Нужен был нормальный человек для общения, чтобы совсем не сойти с ума в тоске одиночества. Бог мне его и послал — со скидкой, конечно, по части «нормальности», потому что это был Ким Чжуанович, но зато почти сразу.
…С Кимом Чжуановичем Иром я познакомился года за три перед техно-апокалипсисом. Он тогда как раз — то ли спьяну, то ли с какого перепугу, взялся закрывать Евразийскую Академию, которую возглавлял, и везде торжественно объявлял об этом.
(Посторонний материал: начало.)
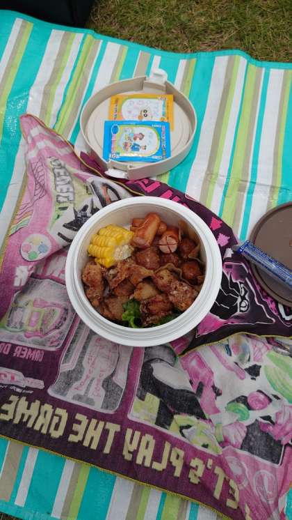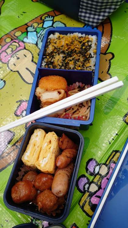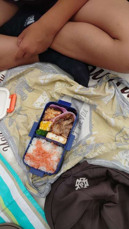 青空がちらっと見えるまでお天気が回復したので、外の芝生広場でお弁当を食べています。

А в Евразийской Академии состояло много средних правительственных чинов Российской Федерации — из числа тех, кто для настоящей Академии рылом не вышел, но именоваться академиком очень хотел. Поэтому меня извлекли из моего кабинета, похожего на келью, и послали улаживать евразийские дела.
В тот раз у меня не слишком получилось утрясти дело, Ким Чжуанович был упрямый кореец и Академию всё-таки закрыл. Но, как ни странно, это не отразилось на наших отношениях. Мы бывали на общих пикниках, общались, делали некоторые общие дела, которые возникали у чиновников в ту смутную пору. Последняя наша встреча состоялась за день до техно-апокалипсиса — мы как раз договаривались ехать к нему в загородный дом на шашлыки.
Мы, помнится, преподробно обсудили, что с собой взять, во сколько встречаться, какой трассой добираться — то есть всё, кроме судьбы, решающей за нас. А на следующий день с утра отрубили электричество во всём мире — ну, дальше вы знаете…
…Теперь Ким Чжуанович был, конечно, не тот, что прежде — странно, что он вообще БЫЛ. Из прежнего лощёного представителя инородческой элиты компрадорской России он превратился в обычного потрёпанного старого китайца, в каком-то смысле даже хрестоматийного «кули».
Он собирал хворост, складывал его в большую вязанку за спиной, и сперва не узнал меня. Принял за трупа, бросил связку, и попытался бежать, но куда ему: он был немолод даже в пору нашего знакомства, уж не то, что нынче…
Я в два прыжка настиг его и представился, улыбаясь как можно шире и дружелюбнее. Он смотрел узкими косыми глазами подозрительно, но уже без прежнего дикого ужаса. Мои отличия от зомби во внешности и в интеллекте были столь разительны, что Ким Чжуанович вынужден был их в итоге признать, и отвести меня в свой подземный «чайна-таун».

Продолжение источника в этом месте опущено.